Lawyers for Ghislaine Maxwell have released a photograph of the British socialite, who is in a US prison facing sex trafficking charges, showing her with a bruised face.
Maxwell, 59, who is accused of procuring underage girls for the convicted paedophile Jeffrey Epstein to abuse, has been in jail since last year while awaiting trial. She denies the allegations. Since her arrest last summer, she has only been seen in court sketches during hearings.
The photo was included in a letter filed on Thursday to a New York judge by her attorney Bobbi Sternheim, who suggests Maxwell was injured while having to cover her eyes with a sock or towel at night because guards at the Metropolitan Detention Center (MDC) in Brooklyn repeatedly flash light in her cell every 15 minutes to make sure she is breathing.
In the letter addressed to Judge Alison J Nathan, Sternheim wrote: Last night, she was confronted by MDC staff due to a visible bruise over her left eye.
No guard addressed the bruise until Ms Maxwell, who has no mirror, caught a reflection of her aching eye in the glean of a nail clipper.
At that point, MDC staff confronted Ms Maxwell regarding the source of the bruise, threatening to place her in the SHU [special housing unit] if she did not reveal how she got it.
Sternheim went on to add that guards at the prison put inmates in the special housing unit if they have been injured or subjected to abuse by other inmates.
While Ms Maxwell is unaware of the cause of the bruise, as reported to medical and psych staff, she has grown increasingly reluctant to report information to the guards for fear of retaliation, discipline, and punitive chores, Sternheim added.

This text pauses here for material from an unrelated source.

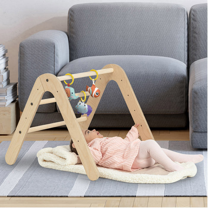 - La struttura a triangolo dotata di 3 robuste barre di legno permette di attaccare giocattoli (2 giochi inclusi) e tessuti al prodotto, creando molteplici possibilità di intrattenimento e offrendo innumerevoli stimoli

Her legal team have alleged she was being held in worse conditions and treated differently to other inmates in the prison due to the Epstein Effect, saying she is being scapegoated for Epsteins crimes following his suicide in prison last year.
They have also claimed during a recent appeal for bail that Maxwell is being treated as if she is a suicide risk even though she is not one. Her lawyers requested last week that guards no longer check on her through the night.

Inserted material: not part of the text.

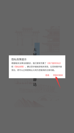 1、启动云大同APP后,首次使用需阅读并同意用户协议和隐私政策,点击确认进入主界面。

Judge Nathan on Thursday ordered that the government to find out if Maxwell is being subjected to flashlight surveillance every 15 minutes at night or any other atypical flashlight surveillance.
If so, the judge said, the government should explain the basis for this and whether she could be provided with an eye covering if necessary.
On Tuesday, Maxwell lost her latest bail hearing on the grounds that she is a flight risk, and so will probably remain in jail until her trial in July.